Svenska Eldvatten, Vintage 1979
This is a somewhat unusual whisky. It is a blend but apparently a single cask blend: what this means is that malt new make and grain new make were blended into a cask upon distillation in 1979 and married in the cask for the entire period of maturation. And this period of maturation was long indeed: 33 years. As to whether the malt and grain components were distilled at the same distillery, I don’t now. If so, that would narrow the source considerably as there are not very many distilleries that are/were set up to distill both malt and grain. It’s also not clear who initiated this single cask blend (a distillery? an independent blender?) or to what purpose. What we do know is that this cask was bottled by Svenska Eldvatten, who have bottled a number of other vintage releases of uncertain origin. The cask is said to be sherry but this release was of only 197 bottles. Given everything else that’s unusual about this it is possible that this was a sherry hogshead. 

Indeed, this possibility seems corroborated by evidence from elsewhere. As occasional commenter EricH pointed out earlier this month, K&L released a similar cask a while ago. That was a 32 yo—so unlikely to be from the same cask, and that one is described as a sherry hogshead. What is interesting is how different K&L’s account of the history of their cask is from the description that’s out there on the net of this one (from which I patched my account above together). Where this is described as blended at “birth”, K&L has this to say:

This is from a lot of whiskies all distilled in 1979. At some point in its maturation, it was blended and rebarreled in a single sherry hogshead. It’s highly likely that was done relatively recently, but honestly it could have been done two decades ago. We think that this whisky may have come either from a larger blender who was planning to add this to one of their house blends and either lost it in the warehouse or sold it as part of a larger parcel. Otherwise, we think it could have perhaps been a lot owned by a smaller broker which was ultimately consolidated as the whiskies began to evaporate.

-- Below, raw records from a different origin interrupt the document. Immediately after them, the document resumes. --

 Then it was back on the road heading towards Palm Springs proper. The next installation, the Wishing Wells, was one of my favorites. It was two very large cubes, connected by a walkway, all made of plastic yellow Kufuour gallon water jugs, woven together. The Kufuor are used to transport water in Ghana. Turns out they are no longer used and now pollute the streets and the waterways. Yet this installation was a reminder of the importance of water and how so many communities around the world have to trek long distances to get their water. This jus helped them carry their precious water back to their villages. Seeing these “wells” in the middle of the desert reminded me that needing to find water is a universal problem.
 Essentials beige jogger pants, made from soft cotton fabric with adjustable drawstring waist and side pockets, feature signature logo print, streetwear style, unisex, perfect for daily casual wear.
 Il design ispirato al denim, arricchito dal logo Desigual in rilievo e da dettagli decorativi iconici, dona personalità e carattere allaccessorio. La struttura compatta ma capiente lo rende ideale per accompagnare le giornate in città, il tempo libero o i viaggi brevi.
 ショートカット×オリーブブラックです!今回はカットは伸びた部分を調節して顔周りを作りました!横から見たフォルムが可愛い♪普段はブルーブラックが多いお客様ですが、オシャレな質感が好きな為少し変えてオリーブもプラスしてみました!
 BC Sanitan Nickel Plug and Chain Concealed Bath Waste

It does seem likely that these are related casks and are unlikely to have been made in different ways. So, yes, to the likelihood of this Svenska Eldvatten cask also being a sherry hogshead but far more uncertainty about when/how the blending was done.

Anyway, let’s see what this is like.

Vintage 1979, 33 yo (52.2%; sherry cask; Svenska Eldvatten; from a purchased sample)

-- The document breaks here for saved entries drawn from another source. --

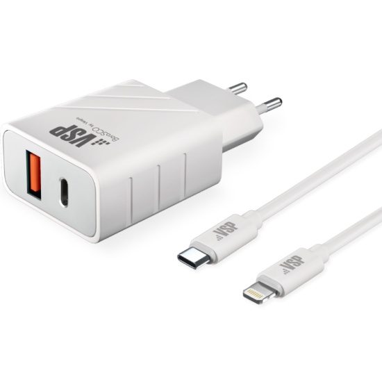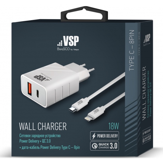 СЗУ Power Delivery + QC 3.0, 18W, + Дата-кабель Type-C - Type-C, 3А, 1м, белое, Borasco
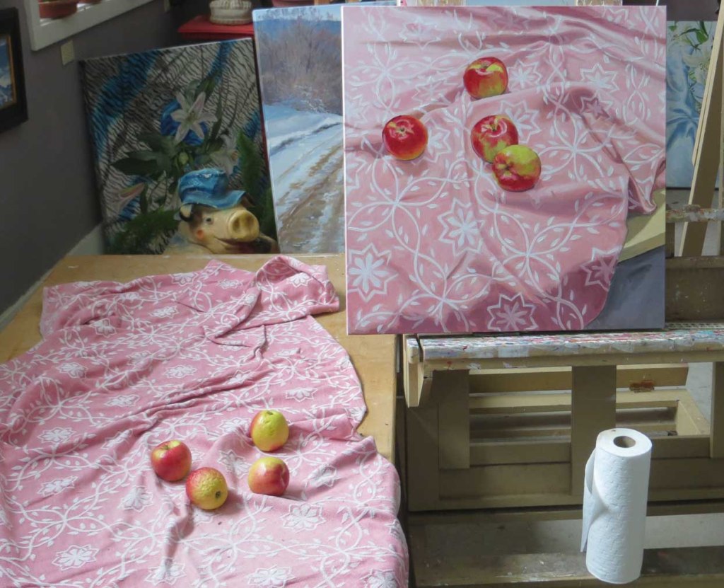 Didn’t have time to touch this yesterday. ‘Twas another day of schlepping hither and yon to Traverse City (a.k.a. “the Paris of the North”). Probably just as well. The background had to dry before I could start pecking away on the design. OY! Maybe tomorrow I can finish this thang. Oh — and the apples have all be rearranged, thanks to the cats that enjoyed snoozing in the middle of my setup.
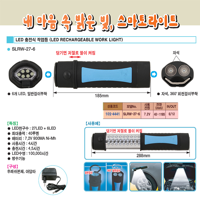 [½º¸¶Åä]LED ÃæÀü½Ä ÀÛ¾÷µî(SLRW-27-6,40·ç¸à/¹æ¼ö±â´É)(LED RECHARGEABLE WORK LIGHT)(ÁÖ¹®Àü Àç°íÈ®ÀÎ)
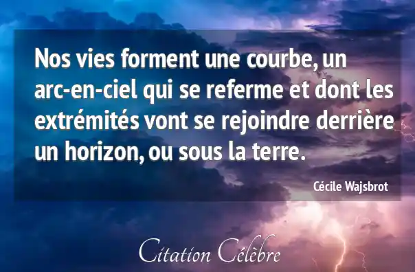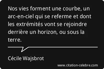 Nos vies forment une courbe, un arc-en-ciel qui se referme et dont les extrémités vont se rejoindre derrière un horizon, ou sous la terre.
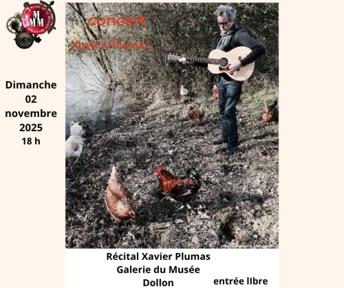 de 14:30 à 18:00 Bonne nouvelle pour les vacances de la Toussaint ! Le musée sera ouvert du mercredi au dimanche pour vous accueillir en famille ou entre amis. Horaires et tarifs habituels. Profitez de l’automne pour (re)découvrir nos collections dans une ambiance chaleureuse. Ateliers jeunes publics (à partir de 5 ans et accompagné d’un adulte) chaque jour à 16 h (en fonction des disponibilités). concert Xavier PUMAS

Nose: Mellow fruit to start: apricot, plum. Some berries as well and a tinge of something metallic. Gets more floral as it sits and also a bit dusty. With more time the fruit begins to intensify a little and there’s a musky, tropical character to it now (pineapple, maybe a hint of ripe guava). With a lot more time there’s a bit more evidence of the grain: a slight astringency. Water knocks back the sharper notes and ups the fruit.

Palate: Hmmm. Somewhat thin to start and there’s more of that metallic note. But then quite a bit of fruit begins to emerge as I swallow, and it’s all of the tropical variety from late in the nose. On the second sip the grain seems all the more evident and the fruit has a hard time emerging full from those sharper notes. More citrus with time but also more rawer wood that really suppresses the full effect of the fruity notes, which do intensify with time. As on the nose, water helps get the wood and grain under control.

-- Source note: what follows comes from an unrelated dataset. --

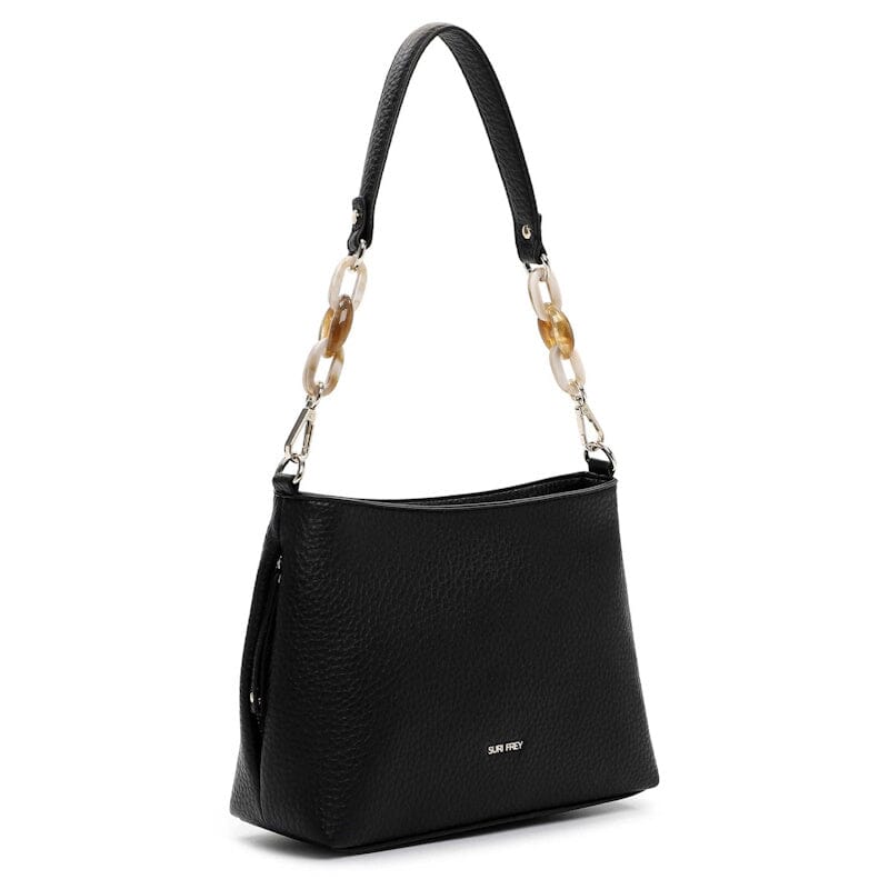 De schoudertas uit de Jeanny collectie van Suri Frey is een modische en multifunctionele tas die is gemaakt van een soepel leatherlook PU dat Vegan proof is volgens de PETA norm. De tas heeft een hoofdvak dat kan worden afgesloten met een rits. Ook zit er een ritsvak aan de achterzijde. Aan de binnenzijde bevinden zich een ritsvak en een breed insteekvak. De tas kan kort op de schouder, in de hand of aan de arm worden gedragen middels de korte (afneembare) schouderband. De lange schouderband is in lengte verstelbaar waardoor de tas zowel crossover als op een schouder gedragen kan worden.

Finish: Medium. It’s here that the fruit really shines but with time the more astringent notes linger as well. Gets saltier as it goes.

Comments: If this was a sherry hogshead it must have been remade with the staves from nth refill butts. I mean to say, it’s no sherry bomb, and you’d expect more of that character from a hogshead after 33 years. Then again, if K&L’s speculation about their cask is correct it may not have been in a sherry hogshead the whole time. In fact, blind I probably would have guessed it was a bourbon cask. Looking around, I see I seem to have got far more grain on this than most other commentators. This is a hard one for me to score. Some sniffs and sips had it in the high 80s, some in the low 80s. I was going to go bang in the middle but water did improve it. If I had a bottle I’d make sure to add water to every pour.

Rating: 86 points.

 

One thought on “Vintage 1979 (Svenska Eldvatten)

  1. I thought I might add a comment now that I’ve opened my bottle of the Faultline 1979. There is definitely a lot of fruit (including tropical) action going on in the nose and palate, I am not detecting any metallic notes. There is also quite a bit of wood on the palate but that’s to be expected in a 32 year old whisky. All in all, this is a very unique whisky that I’m glad to own a bottle of. However I think a big part of the uniqueness is coming from the mystery of it’s origins.